## Records for the task
+++++

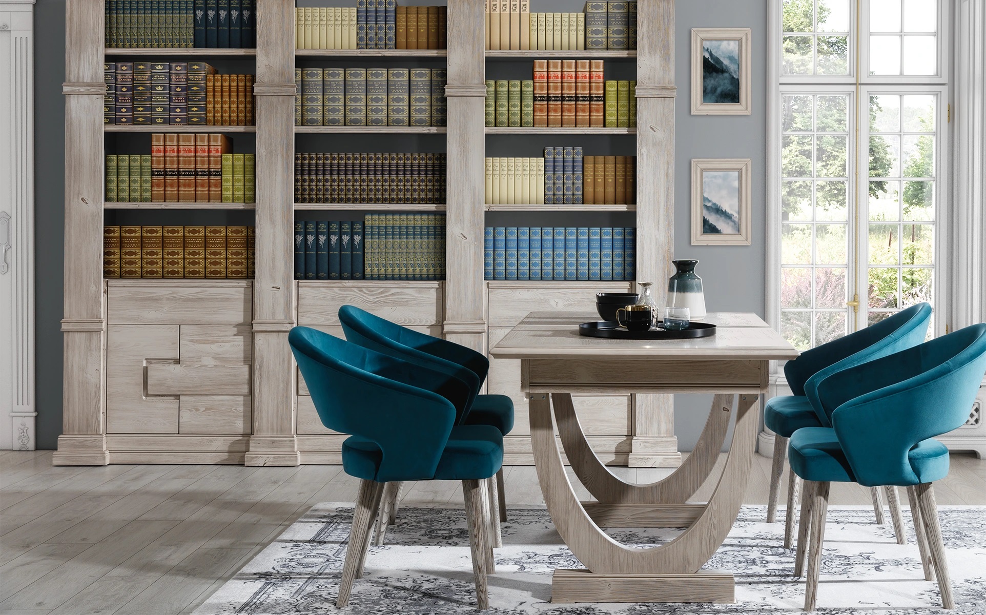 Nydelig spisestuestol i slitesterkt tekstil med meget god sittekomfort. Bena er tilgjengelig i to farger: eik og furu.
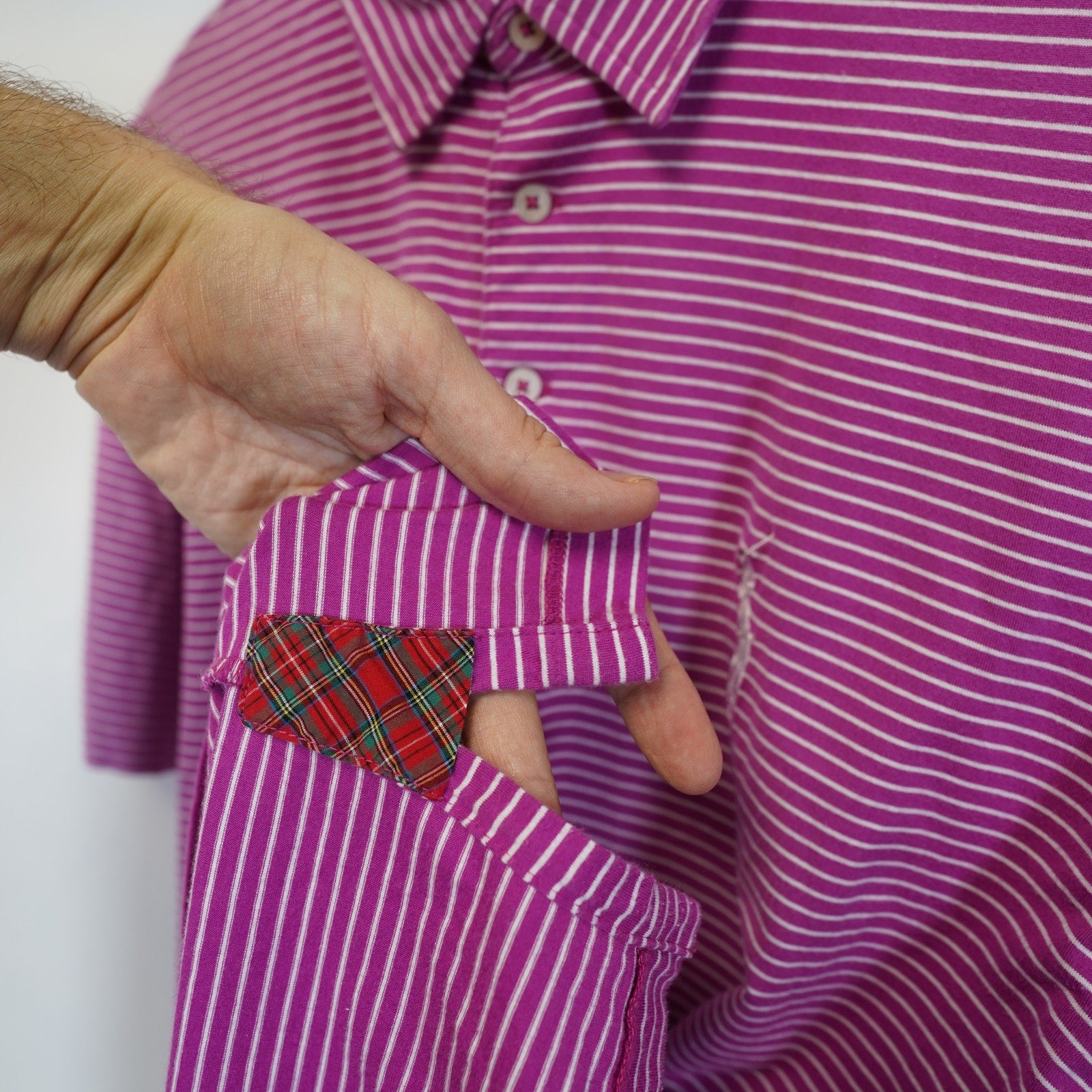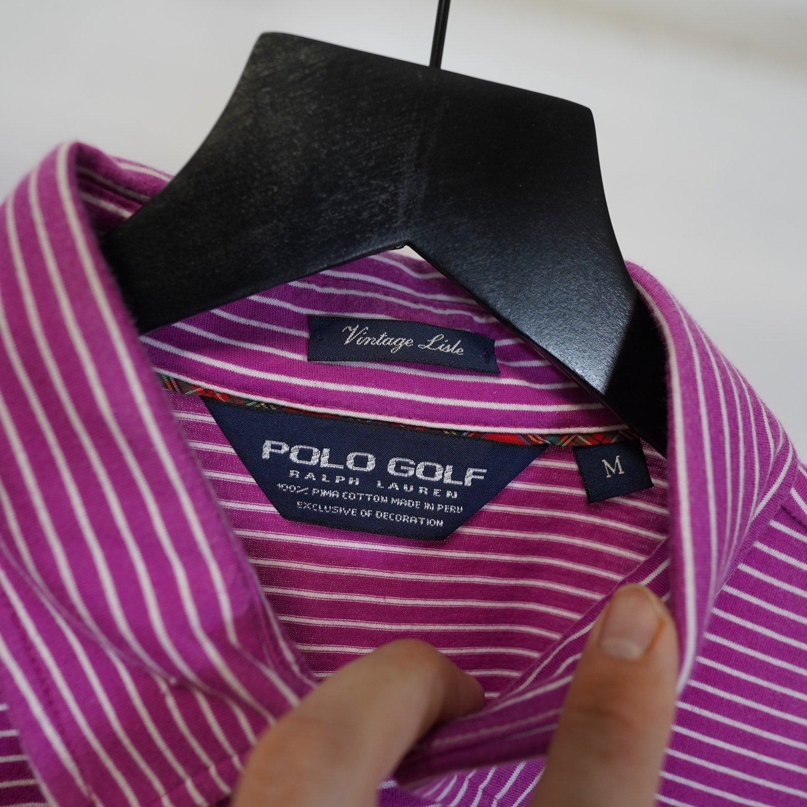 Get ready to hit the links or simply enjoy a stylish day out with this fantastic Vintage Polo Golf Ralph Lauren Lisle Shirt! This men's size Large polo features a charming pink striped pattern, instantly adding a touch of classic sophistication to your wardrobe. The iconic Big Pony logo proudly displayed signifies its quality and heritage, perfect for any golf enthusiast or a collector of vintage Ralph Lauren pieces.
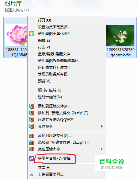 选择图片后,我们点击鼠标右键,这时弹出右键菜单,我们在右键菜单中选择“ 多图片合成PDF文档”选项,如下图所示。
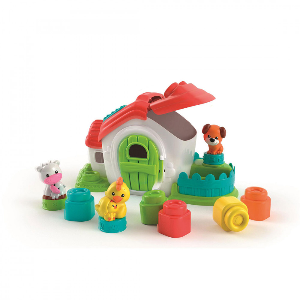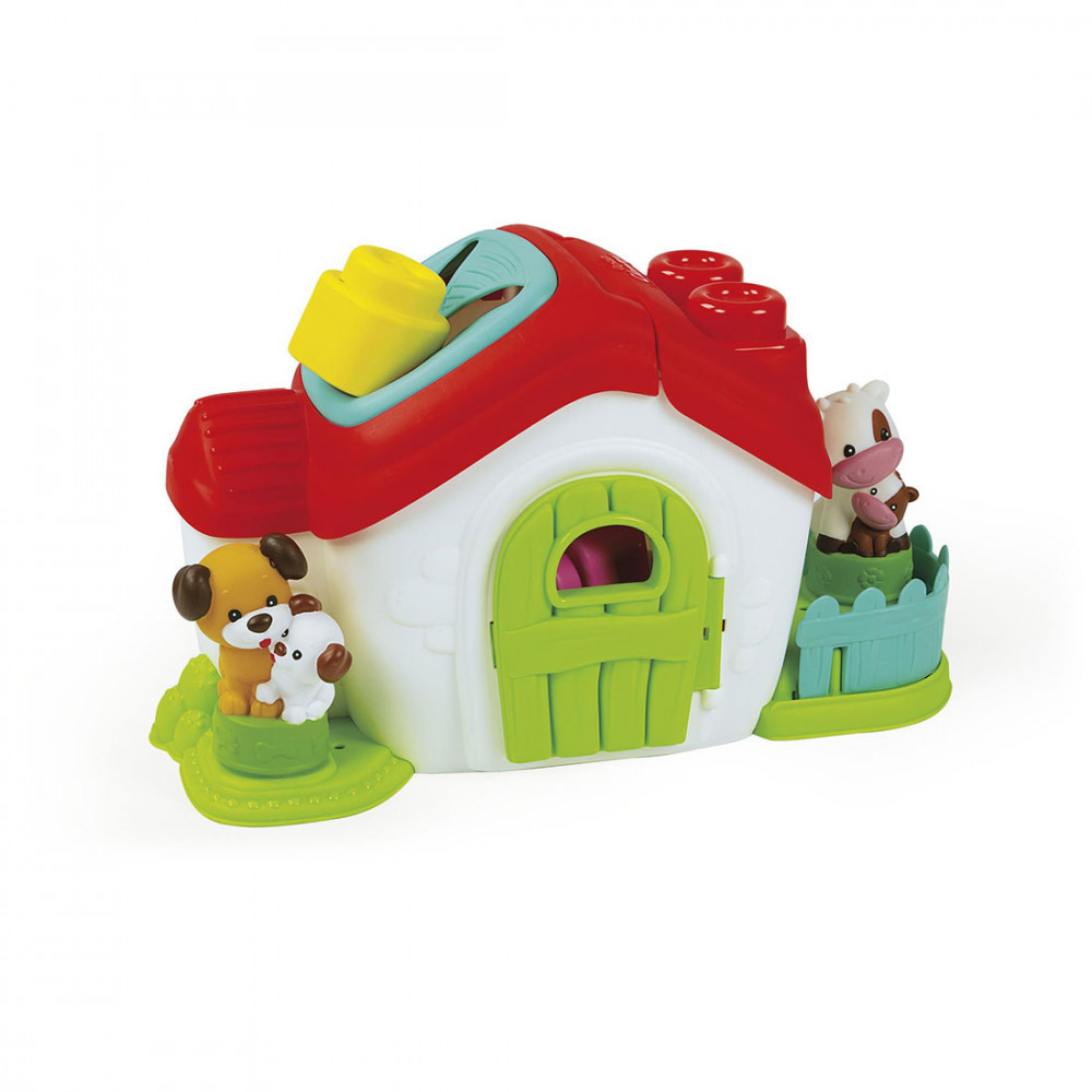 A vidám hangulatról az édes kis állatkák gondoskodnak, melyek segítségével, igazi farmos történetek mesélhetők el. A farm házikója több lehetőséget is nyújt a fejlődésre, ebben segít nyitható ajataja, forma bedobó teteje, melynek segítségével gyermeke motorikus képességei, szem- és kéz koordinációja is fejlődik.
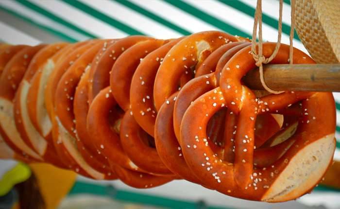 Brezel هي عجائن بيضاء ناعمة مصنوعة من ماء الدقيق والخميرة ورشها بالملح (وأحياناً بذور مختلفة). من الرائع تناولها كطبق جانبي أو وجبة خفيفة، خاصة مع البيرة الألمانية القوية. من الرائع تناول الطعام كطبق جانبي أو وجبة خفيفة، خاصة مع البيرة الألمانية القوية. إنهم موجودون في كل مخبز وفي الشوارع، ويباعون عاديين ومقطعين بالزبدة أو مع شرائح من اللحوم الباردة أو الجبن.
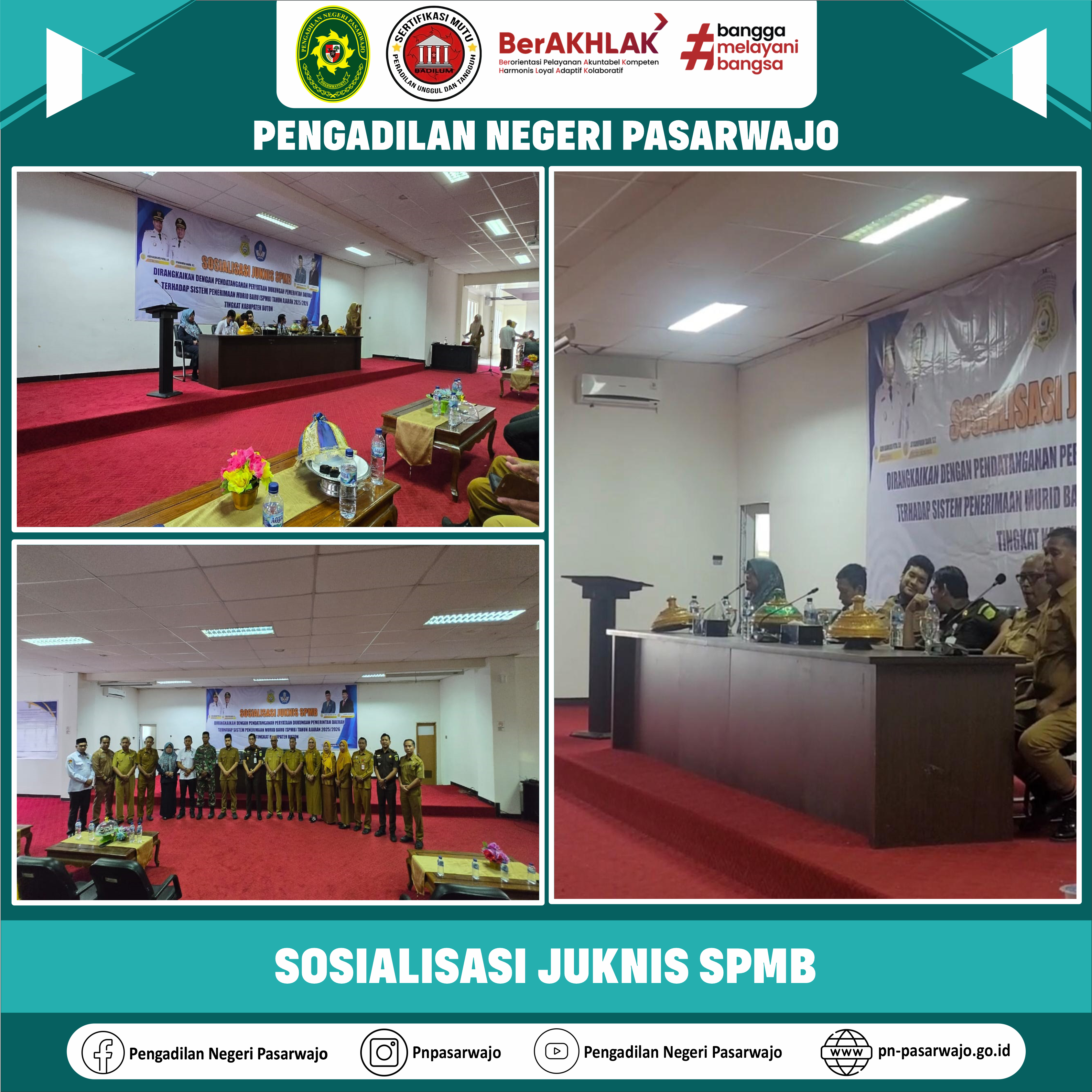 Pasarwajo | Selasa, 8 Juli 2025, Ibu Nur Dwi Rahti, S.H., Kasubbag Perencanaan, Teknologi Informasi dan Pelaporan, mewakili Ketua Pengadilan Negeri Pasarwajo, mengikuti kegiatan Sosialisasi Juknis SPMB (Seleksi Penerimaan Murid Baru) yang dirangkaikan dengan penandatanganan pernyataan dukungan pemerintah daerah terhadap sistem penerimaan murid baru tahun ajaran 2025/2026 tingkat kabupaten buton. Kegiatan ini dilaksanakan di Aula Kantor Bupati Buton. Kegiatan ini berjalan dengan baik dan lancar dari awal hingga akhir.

+++++

## The problem
An exact copy is needed of only the lines from the top of the material through the line with "选择图片后,我们点击鼠标右键"; no pictures belong in it.

## Solution for this task
 Nydelig spisestuestol i slitesterkt tekstil med meget god sittekomfort. Bena er tilgjengelig i to farger: eik og furu.
 Get ready to hit the links or simply enjoy a stylish day out with this fantastic Vintage Polo Golf Ralph Lauren Lisle Shirt! This men's size Large polo features a charming pink striped pattern, instantly adding a touch of classic sophistication to your wardrobe. The iconic Big Pony logo proudly displayed signifies its quality and heritage, perfect for any golf enthusiast or a collector of vintage Ralph Lauren pieces.
 选择图片后,我们点击鼠标右键,这时弹出右键菜单,我们在右键菜单中选择“ 多图片合成PDF文档”选项,如下图所示。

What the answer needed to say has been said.